Ukraine has spent five years living in a state of continuous recovery. After every large-scale attack, utility crews, construction workers, energy specialists, and local businesses restart the repair process once again. In many cases, the work is not full reconstruction but rapid temporary fixes designed to keep cities functioning.
According to estimates by international organizations, Ukraine’s reconstruction needs have already reached hundreds of billions of dollars. At the same time, much of the work is happening outside major state-led rebuilding projects through constant local patching of infrastructure, housing, and energy systems.
This is reshaping not only cities but also the logic of the economy itself. Demand is driven less by long-term development projects and more by anything that can quickly restore basic functionality, from roof repairs to mobile boiler systems and backup power supplies.

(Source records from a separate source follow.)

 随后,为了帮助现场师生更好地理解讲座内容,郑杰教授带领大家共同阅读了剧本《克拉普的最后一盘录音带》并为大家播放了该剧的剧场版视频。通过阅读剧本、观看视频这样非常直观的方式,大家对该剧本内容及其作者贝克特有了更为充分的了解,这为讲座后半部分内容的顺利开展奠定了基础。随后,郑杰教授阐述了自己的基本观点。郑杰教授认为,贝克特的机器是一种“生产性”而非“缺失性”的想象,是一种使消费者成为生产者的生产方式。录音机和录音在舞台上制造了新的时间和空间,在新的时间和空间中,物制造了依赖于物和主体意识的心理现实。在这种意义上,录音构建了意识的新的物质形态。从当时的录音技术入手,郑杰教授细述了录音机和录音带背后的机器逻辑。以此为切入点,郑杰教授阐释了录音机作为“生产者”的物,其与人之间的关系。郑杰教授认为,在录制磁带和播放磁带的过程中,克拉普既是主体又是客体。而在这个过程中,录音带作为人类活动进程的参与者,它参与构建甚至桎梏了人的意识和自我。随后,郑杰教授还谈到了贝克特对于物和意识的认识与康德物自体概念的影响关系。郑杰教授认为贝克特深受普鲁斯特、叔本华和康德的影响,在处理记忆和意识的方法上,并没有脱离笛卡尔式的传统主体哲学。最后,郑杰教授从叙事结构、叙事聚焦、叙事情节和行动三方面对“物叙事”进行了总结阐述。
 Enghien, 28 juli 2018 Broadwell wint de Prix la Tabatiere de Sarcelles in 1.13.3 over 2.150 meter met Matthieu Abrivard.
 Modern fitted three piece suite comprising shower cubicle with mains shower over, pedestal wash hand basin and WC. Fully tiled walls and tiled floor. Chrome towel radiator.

Businesses operating between strikes
The war has generated enormous demand for repair work, construction materials, generators, energy systems, and logistics. Some companies have effectively rebuilt their business models around constant infrastructure damage. For many enterprises, the speed of recovery has become more important than expansion.
The shift is especially visible in the energy sector. After repeated waves of attacks on energy infrastructure, Ukraine has increasingly relied on backup solutions, including diesel generators, battery systems, mobile transformers, and localized power networks. Businesses are adapting to conditions in which disruptions are no longer treated as exceptional.

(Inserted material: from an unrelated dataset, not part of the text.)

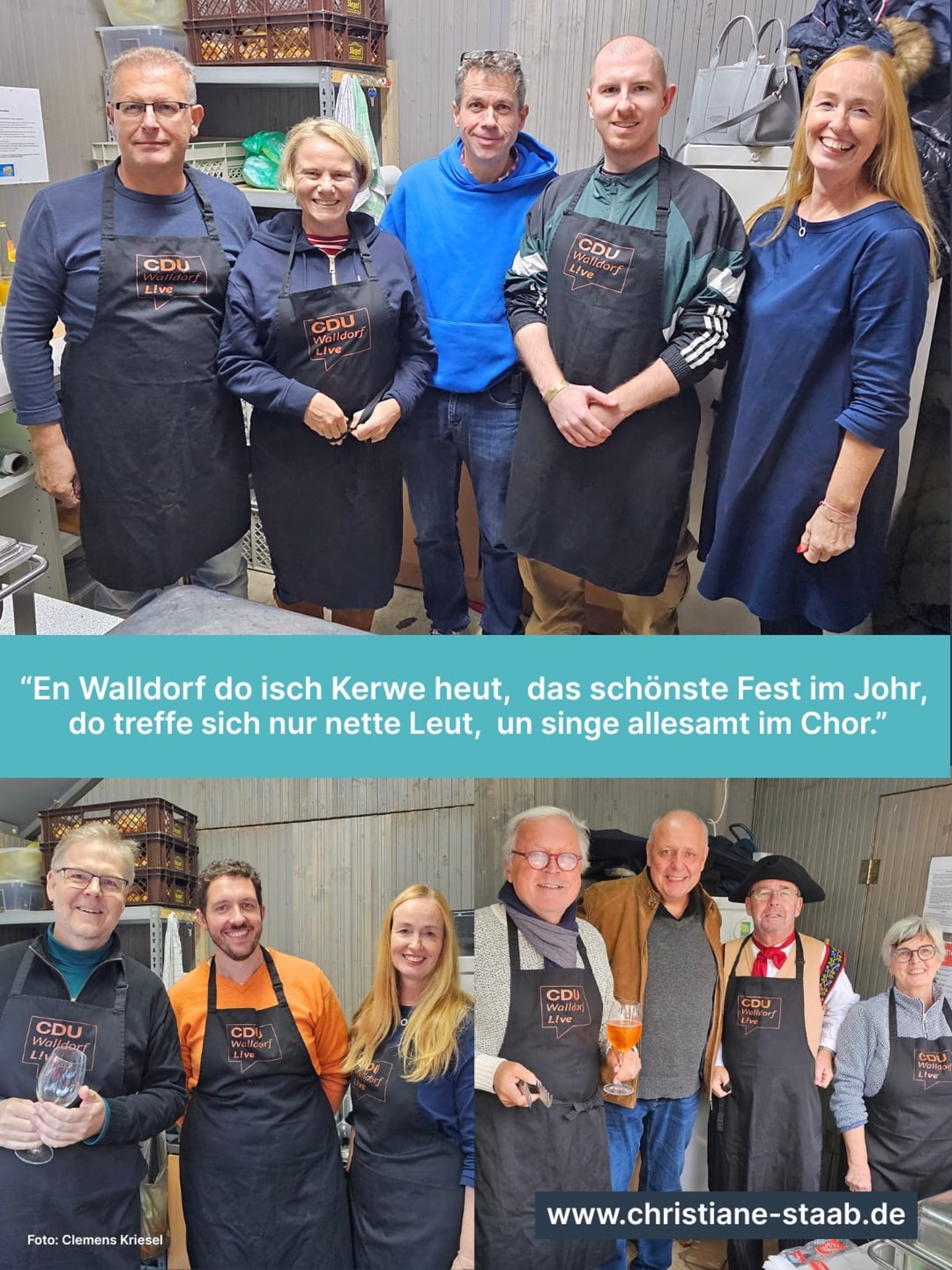 Die Hauptstraße voll, die Stimmung famos,  bei Hugo und Spritz ging richtig was los! 🍹    Der Kerwesnack ? heiß und so lecker gegessen,  von der Metzgerei Pütz ? kaum zu vergessen. 🥪    Ob Petra, Max, Andreas, Joachim, Uwe,  Clemens, Mathias ? alle im "Groove"! 🎶  Katrin, Holger, Christiane dabei,  Agim, Gerhard und Philipp ? das Team war frei! 💪    Die Gläser klangen, die Menschen lachten,  bis spät in die Nacht ? was für herrliche Kerwetrachten!     Ein großes Dankeschön ? das steht fest,  an alle, die kamen, ihr wart unser Fest! 🎡    (Clemens Kriesel / ChatGPT)

At the same time, a culture of temporary solutions is emerging. Shops operate out of containers, offices relocate to semi-basement spaces, and damaged apartment buildings stand for years with plywood covering shattered windows. Many of these temporary structures are gradually becoming a permanent feature of Ukraine’s urban environment.
Everyday life in a state of repair
The war has also reshaped daily life for Ukrainians. Water reserves, charging stations, power banks, repair tools, and autonomous lighting are no longer viewed as emergency preparations but as standard household essentials.
People are increasingly renovating homes with future risks in mind. Apartment owners now consider autonomous heating, reinforced windows, backup internet connections, and energy-saving systems as part of routine planning. Even in relatively safer rear cities, the war is changing the architecture of daily life and consumer behavior.
Attitudes toward quality and durability are also shifting. Many decisions are now made according to what works immediately rather than what will last long term. As a result, Ukraine’s economy is becoming increasingly dependent on rapid repairs, maintenance services, and replacement of damaged property.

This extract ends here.